I completely agree. What I’m wondering though is if the option of helping the rest of the world as much as possible by only reaching “herd immunity” in the US wouldn’t just hurt both the US and the rest of the world in the long run, because, hypothetically, the US didn’t fight the virus aggressively enough, and then an outbreak occurred among the unvaccinated, and then someone carried the virus to another country, and caused an outbreak there.
So my question is, scientifically, would that be a likely scenario if the US tried to vaccinate “Just enough to reach herd immunity,” or could the US plausibly vaccinate “Just enough to reach herd immunity,” and help the rest of the world without a hypothetical outbreak occuring in the US?

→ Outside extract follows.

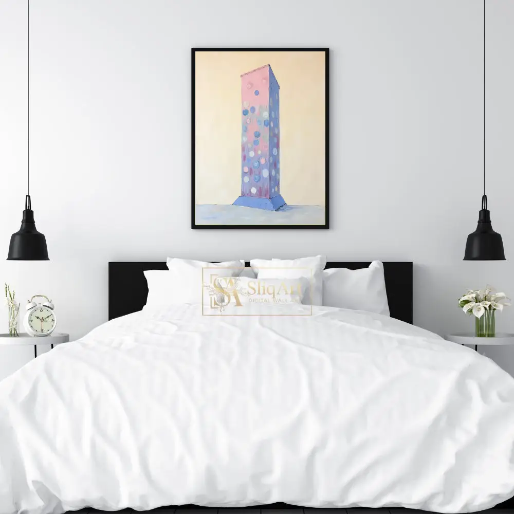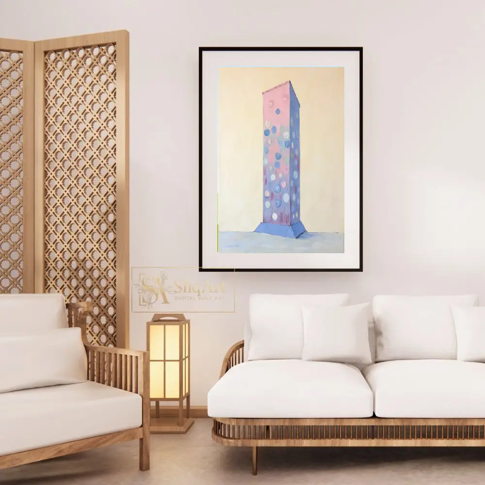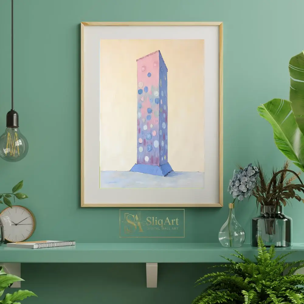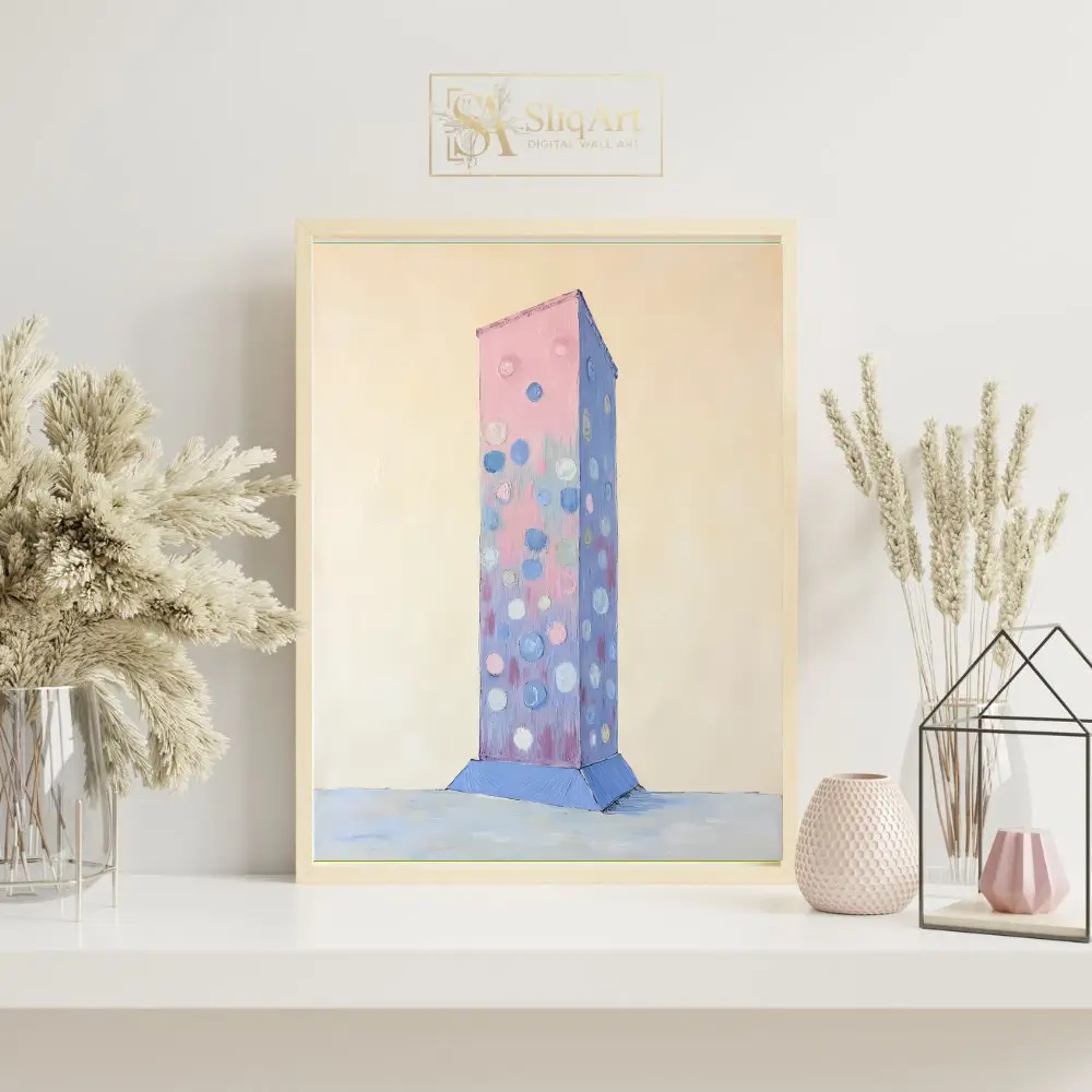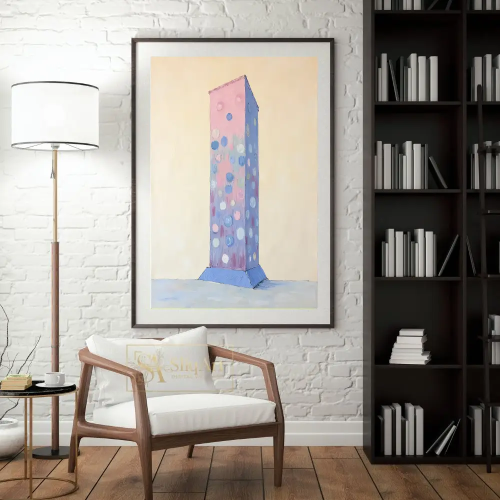 This captivating abstract piece features a textured, monolithic column rising from a subtle blue base against a creamy, minimalist background. The central figure is adorned with playful, impasto-style circles in soft shades of periwinkle, rose, and white.

I don’t think we would really know ahead of time how many it would take to reach herd immunity. It would depend on population density, etc. Thus, I don’t think that’s a viable strategy.
Dr. Wile, thank you for this clear and understandable explanation. You speak the same way in your texbooks, which is why I have taught our homeschool group with them for the past three years. In fact, we are currently on the cell section in biology which relates to your article so well.
My question or questions are as follows: Since my family and I have had Covid-19, from the literature you have read, is it correct logic that we would not need the vaccine? I am under the impression that Pfizer’s vaccine would be a one time injection-or at least not every year. So following that logic, why is it that experts are saying the I can get Coivd-19 again in 6 months if I have already had it? Wouldn’t that mean that the vaccine would need to be given again after 6 months? Hope my confusion makes sense. Thanks! Liz
I would think there is no need to get the vaccine if you had COVID-19. Your acquired immune system already has the memory, so I don’t think it would help at all. The “experts” saying that you can get it again in 6 months are speculating. The antibodies seem to decay away pretty quickly, but that doesn’t mean you lose immunity, since the memory of your acquired immune system is not in the antibodies. It is in the memory cells that are made. There is nothing I have seen in the literature to indicate that you can catch it again. There have been isolated cases in which doctors say a person has caught it a second time, but that is very hard to confirm.
Thanks for spelling out how this works for us, Dr. Wile!
I’m currently participating in the Jannsen trials and had just enough tenderness in my arm to be hopeful I did not get the placebo.
One of the questions that came up during our orientation was what to do if a vaccine becomes mandatory during the 2 years of our study. The PA I talked to did not anticipate any adverse reaction to having a double dose of the vaccine since the way they function is so different from the dead/inert whole microbial versions.
So, while it may not actually help anything, at least taking a secondary vaccine should not be something harmful to anyone who already has developed immunity.
Thanks for sharing, Cheri. I hadn’t considered that kind of situation.